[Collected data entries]

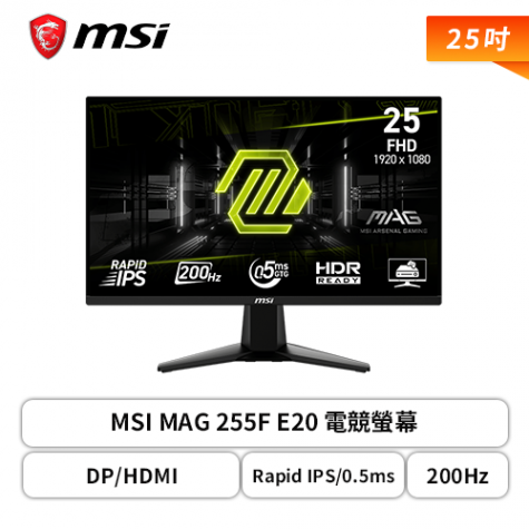 【25型】MSI MAG 255F E20 電競螢幕 (DP/HDMI/Rapid IPS/0.5ms/200Hz/FreeSync Premium/HDR READY/AI VISION/無喇叭/三年保固)
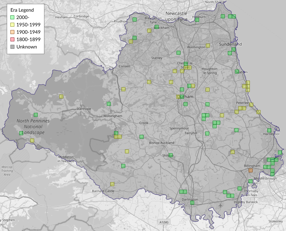 This map shows all records of - Elachista argentella in the Durham (VC66) database per monad (1km grid square). The map can be explored further by zooming and panning, can be reset using the button on the left, and can be filtered by selecting the era. Click on a monad to view a full list of species recorded in it, or its containing hexad (10km grid square).
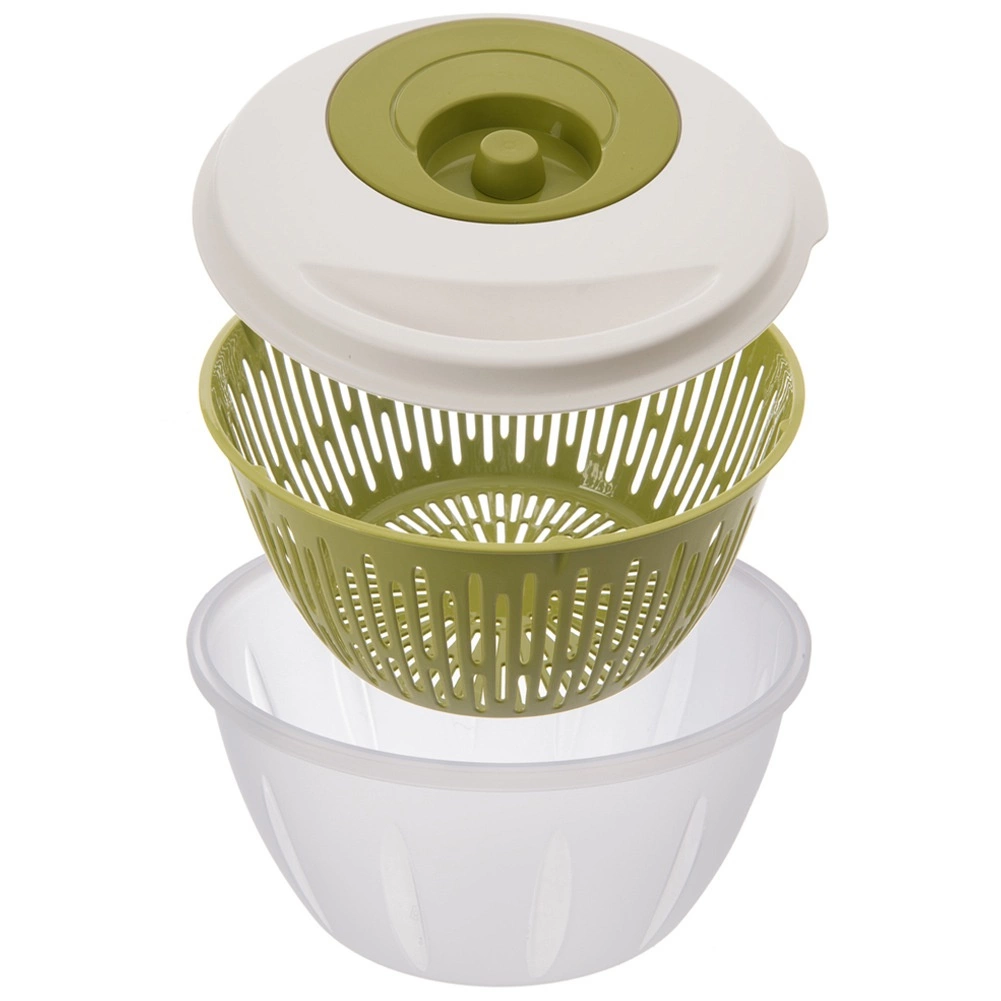 Den alsidige anvendelse er nyttig ud over salat – perfekt til spinat, rucola, grønkål samt til skyllet frugt og urter. Skålen kan bruges til servering, og den udtagelige kurv som si. Delene er nemme at tage fra hinanden og rengøre; skålen tåler opvaskemaskine og er varmeresistent op til +95 °C; den kan også bruges i mikroovn.
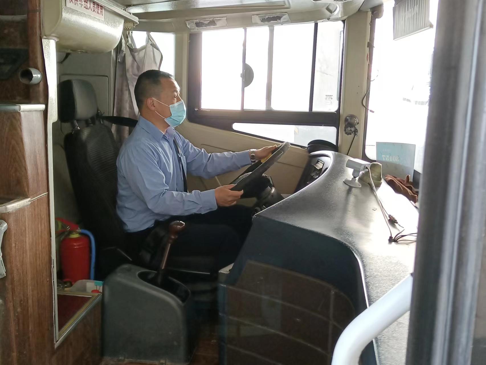 清晨4點30分,尚明早早起床,提前來到停車場,開始進行發(fā)車前的安全檢查,輪胎、水箱、機油……隨后,又拿起拖把、笤帚認真打掃起車輛,受疫情影響,每次車輛的消毒保潔工作尚明都做得十分仔細,特別針對乘客接觸較多的扶手、座椅等部位進行重點消毒,隨后打開車窗,讓車廂通風(fēng)。消毒后開始一天的工作,尚明將車輛開到乘車地點迎接員工上下班。
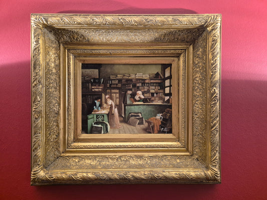 Ölgemälde Biedermeier Deutsche Schule (XX) Handsigniert Bücherei

Your goal
Apart from the pictures, the entries above are to be repeated in full and exactly.

Solution to this task
 【25型】MSI MAG 255F E20 電競螢幕 (DP/HDMI/Rapid IPS/0.5ms/200Hz/FreeSync Premium/HDR READY/AI VISION/無喇叭/三年保固)
 This map shows all records of - Elachista argentella in the Durham (VC66) database per monad (1km grid square). The map can be explored further by zooming and panning, can be reset using the button on the left, and can be filtered by selecting the era. Click on a monad to view a full list of species recorded in it, or its containing hexad (10km grid square).
 Den alsidige anvendelse er nyttig ud over salat – perfekt til spinat, rucola, grønkål samt til skyllet frugt og urter. Skålen kan bruges til servering, og den udtagelige kurv som si. Delene er nemme at tage fra hinanden og rengøre; skålen tåler opvaskemaskine og er varmeresistent op til +95 °C; den kan også bruges i mikroovn.
 清晨4點30分,尚明早早起床,提前來到停車場,開始進行發(fā)車前的安全檢查,輪胎、水箱、機油……隨后,又拿起拖把、笤帚認真打掃起車輛,受疫情影響,每次車輛的消毒保潔工作尚明都做得十分仔細,特別針對乘客接觸較多的扶手、座椅等部位進行重點消毒,隨后打開車窗,讓車廂通風(fēng)。消毒后開始一天的工作,尚明將車輛開到乘車地點迎接員工上下班。
 Ölgemälde Biedermeier Deutsche Schule (XX) Handsigniert Bücherei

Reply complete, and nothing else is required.